Physiotherapy8 min read11 May 2026

Home physiotherapy after a stroke: a Kenyan caregiver's guide

What to expect from in-home physiotherapy in the months after a stroke, how to prepare your space, and what realistic progress looks like at 3, 6, and 12 months.

By Jionee Medical Team · Updated 13 May 2026

The first year after a stroke is where most functional recovery happens — and where most of it can be lost if rehabilitation doesn't start early. For Kenyan families, the hardest barrier is getting a stroke survivor to outpatient physio two or three times a week. Home-based physiotherapy removes that barrier entirely.

Why the first 90 days matter most

Neuroplasticity — the brain's ability to rewire itself around the damaged area — is most intense in the first three months and slows after six. Starting structured physiotherapy in the first two weeks after discharge meaningfully improves long-term function. Waiting three months until 'the patient is stronger' is one of the most common, and most costly, mistakes families make.

Setting up the home for rehabilitation

  • Clear a 3 m × 3 m floor area with a firm mat or thick blanket.
  • Have a sturdy dining chair without arms — most exercises use it.
  • Install grab bars in the bathroom and bedside. The physio will advise on placement.
  • Remove loose rugs and clear walkways — fall risk is highest in the first 60 days.
  • Keep a notebook to record practice sets between visits. Repetition outside sessions drives recovery.

What a typical home physio session looks like

A one-hour session usually combines four elements: range-of-motion work to prevent joint stiffness on the affected side, strength work for the unaffected side and recovering muscles on the affected side, balance training in sitting and standing, and task-specific practice — buttoning a shirt, transferring from bed to wheelchair, walking with a stick. The physiotherapist will leave 15 minutes of homework for the family to repeat daily.

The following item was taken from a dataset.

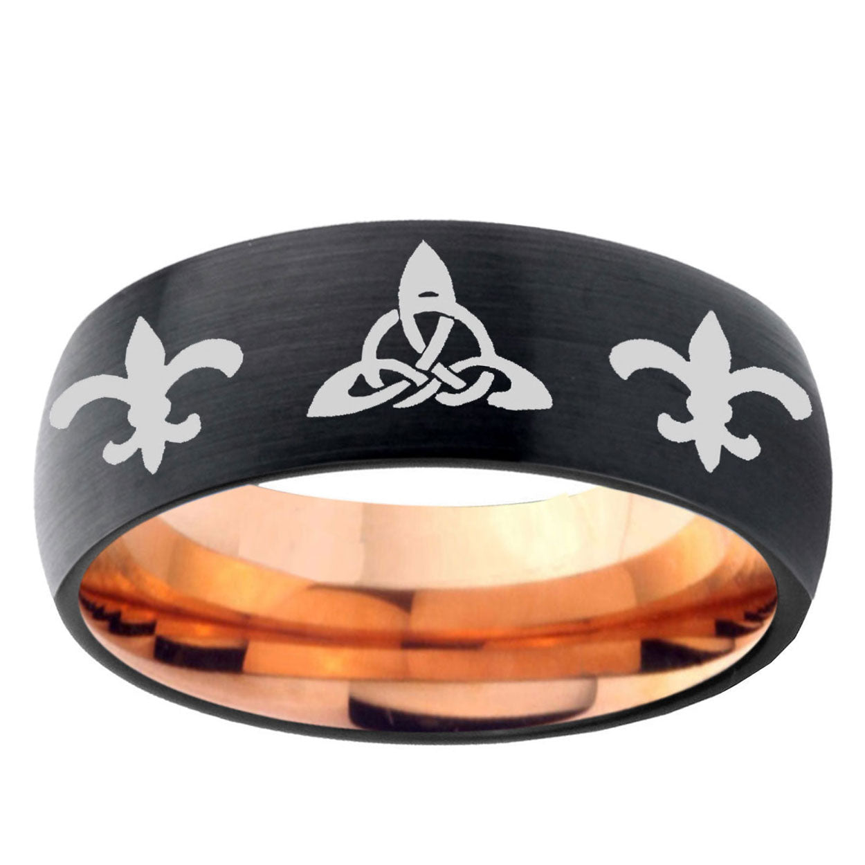 Intruding 5, 8mm Celtic Triangle Fleur-De-Lis Dome Black And Rose Gold Tungsten Carbide Men's Bands Ring . Offer in both 5mm and 8mm band width Black And Rose Gold plated finished from size 4 to 14

Realistic milestones at 3, 6 and 12 months

At three months, the goal is independent sitting balance, basic transfers (bed to chair, chair to toilet), and beginning supported standing. At six months, most patients are walking with a stick or frame indoors. At twelve months, fine-motor recovery in the hand and arm continues to improve with targeted practice — even after 'the recovery plateau' that some clinicians talk about.

Warning signs to call the physio about immediately

  • Sudden new weakness or numbness — could indicate a second stroke.
  • Severe headache, vomiting, or sudden confusion.
  • A swollen, painful calf on one side — possible deep vein thrombosis.
  • Skin breakdown on the heel, sacrum, or hip from prolonged sitting or lying.
  • Choking on food or fluids more than occasionally — swallowing assessment needed.

Caregiver burnout is the silent threat

Rehab takes a year, and most families do it on one income. Pace yourself: ask the physiotherapist to teach two or three trusted relatives the exercises so the load can rotate. A burned-out primary caregiver is the most common reason recovery stalls.